The only one that I ever experienced personally is the one I mentioned here before about the ouija board. So, by popular demand...


When I was around 8 and my sister was 12 she received a ouija board for Christmas. Christmas afternoon one of her friends from down the street came to visit. The three of us played with the board asking all sorts of questions. Since it was Christmas one of us came up with the question, "Is there a Santa Claus?" With my sister and I touching the planchette it proceeded to spell out "Only in the hearts of little children." 
I haven't played with a ouija board since then...


----------



## Lloyd Collins (Sep 25, 2004)

When I was young my brothers and sister were playing outside at night,and my sister was wearing a blue long dress. I happened to look to the front of the house and noticed what looked like a blue dress sort of a glow about it on a woman,at first I thought it was my sister, but I saw her in the back of the house. When I looked back she was gone. Never saw her again, might have been in my mind or not. You be the judge. Believe it or not.


----------



## Rebel Rocker (Jan 26, 2000)

Two stories.... I was babysitting once when I was in high school. The three kids were in bed and I was sitting in the living room, watching TV, when there was suddenly the extremely strong odor of a freshly lit cigar. Out of the corner of my eye I saw a white mist cross the open French-doors leading to the front screened-in porch. I got up and checked, but all the windows and outer doors of the porch were closed. I checked all the rooms of the house and found nothing. The odor lasted about ten minutes. When the mother returned, I mentioned the the smell. "Did you see any cloudy shapes?", she asked. "That's our ghost. The old man who lived here before us. He died on the front porch and used to smoke a cigar a day."
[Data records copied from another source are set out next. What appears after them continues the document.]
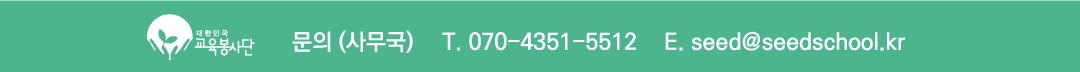 - 다음글 : [추가모집] 2023년 상반기 온/오프라인 씨드스쿨 교육봉사자(T) 추가모집(~2/10) 2023-01-17 15:07:10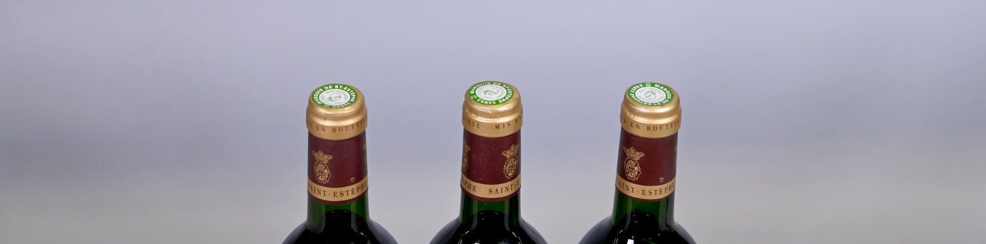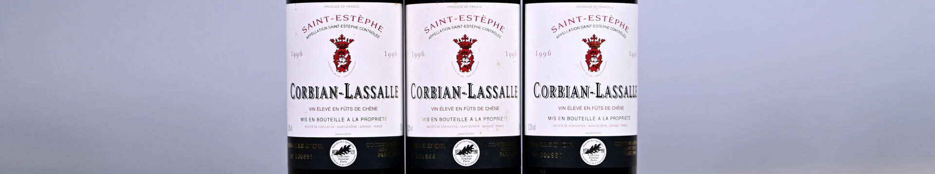 BORDEAUX – 3 bouteilles, Saint-Estèphe, Corbian-Lassalle, 1996. 2 BG et 1 BG (-). Etiquettes très légèrement sales.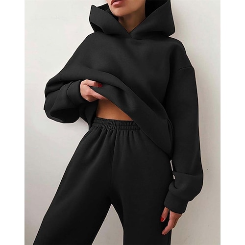 Per donna Elegante Caldo Attivo Set di Pantaloni Bolero Top Manica Lunga Con Cappuccio Semplice Arricciato Patchwork All'aperto Vacanza Lavoro Nero Rosa Azzurro cielo Autunno Vestibilità regolare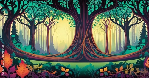 a painting of a forest with trees and a frame that says the word on it.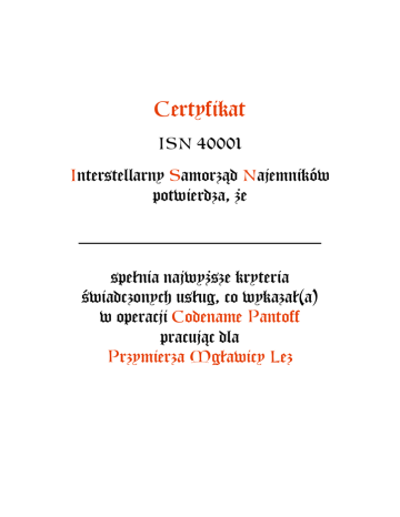 Certyfikat ISN 40001 Interstellarny Samorząd Najemników potwierdza, że ___________________________ spełnia najwyższe kryteria świadczonych usług, co wykazał(a) w operacji Codename Pantoff pracując dla Przymierza Mgławicy Lez Pakt Sprofanowanych Relikwi Książę Demonów 3. i 8. Piekła, Arcyzbereźnik Pangalaktyczny, Włodarz Mocy Hiperspaczonej, Deflorator Osnowy Xsio'vkhdher-pah zawiera oto niniejszy Pakt z ________________________ którego to paktu gwarantem są zbeszczeszczone zwłoki sługi fałszywego imperatora, Heina Pantoffa, które sygnatariusze wspólnie obsikali Zaświadczenie o Czystości Arcylord Generallissimus Sektora Karis niniejszym zaświadcza, że ________________________ wykazał się najwyższą czystością, ucieleśnioną w błogosławieństwie Imperatora, które pozwoliło mu dokonać wielkiego czynu wyrwania ze zbrojnych nibynóżek Obcych relikwii św. Męczennika Heina Pantoffa, który poległ w obronie C'tsi Niech Imperator prowadzi!
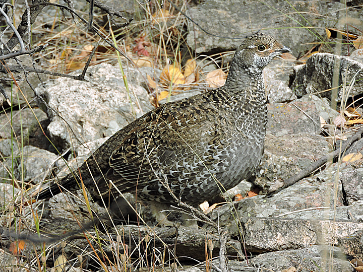 Female Dusky Grouse at the Hellroaring Creek Trailhead in Yellowstone National Park. September 26, 2020.

About five years ago, Cindy and I were driving home one night. We were about to go under a railroad bridge when we noticed a white light hovering over the bridge. When we were about 100 feet from the bridge, the light flew up and to the right at about a 45 degree angle, at an unbelievable rate of speed. We looked at each other and, at the same time said, "Did you see that!?!" We were pretty freaked.


Wayne


----------



## cujo (Mar 26, 2001)

I attended a catholic grade school, where it was common practice to be a alter server for six AM. mass. Depending on which priest said mass, you could be done in about twenty minutes or so. with nothing to do but go over to the school and wait for the buses to start arriving at 7;30. You could sit in the hall or your home room ,the office or go over to the convent and mooch breakfast. One morning, I chose to just to go to my homeroom. Walking out the back of the church into the long school hallway, I saw somthing moving at the very far end.
the lights hadnt been turned on for the day yet, so the only light was from the early morning dim just before the sun rises,comming in the windows. The movement I saw was a nun opening the door from a classroom and moving to the big double doors at the end of the hall leading to the stairwell. She was dressed in a full length grey habit and moved very quietly almost floating over the tile floor....".GOOD MORNING SISTER" I said, my voice booming in the long empty hall,she didnt turn or pause, hmmmmm I thought, How could she not of heard me? Again I said ,"GOOD MORNING SISTER, as she was reaching the big double doors. This time she stopped, turned to me and smiled ,swung the door on the right open and the light from the stairwell beamed through the open door, changing the nun to just a nun silhouette, her face from beautiful pink to black and white (kinda like the faces in the movie TRON)
Well long story short, out the door she went....I turn on the light switches in the hall ....now at the doors, I pushed to follow the mystery nun in grey,they opened about three inches.....just enough for me to see the large chain and shiny new pad lock wrapped through the handles on other side.......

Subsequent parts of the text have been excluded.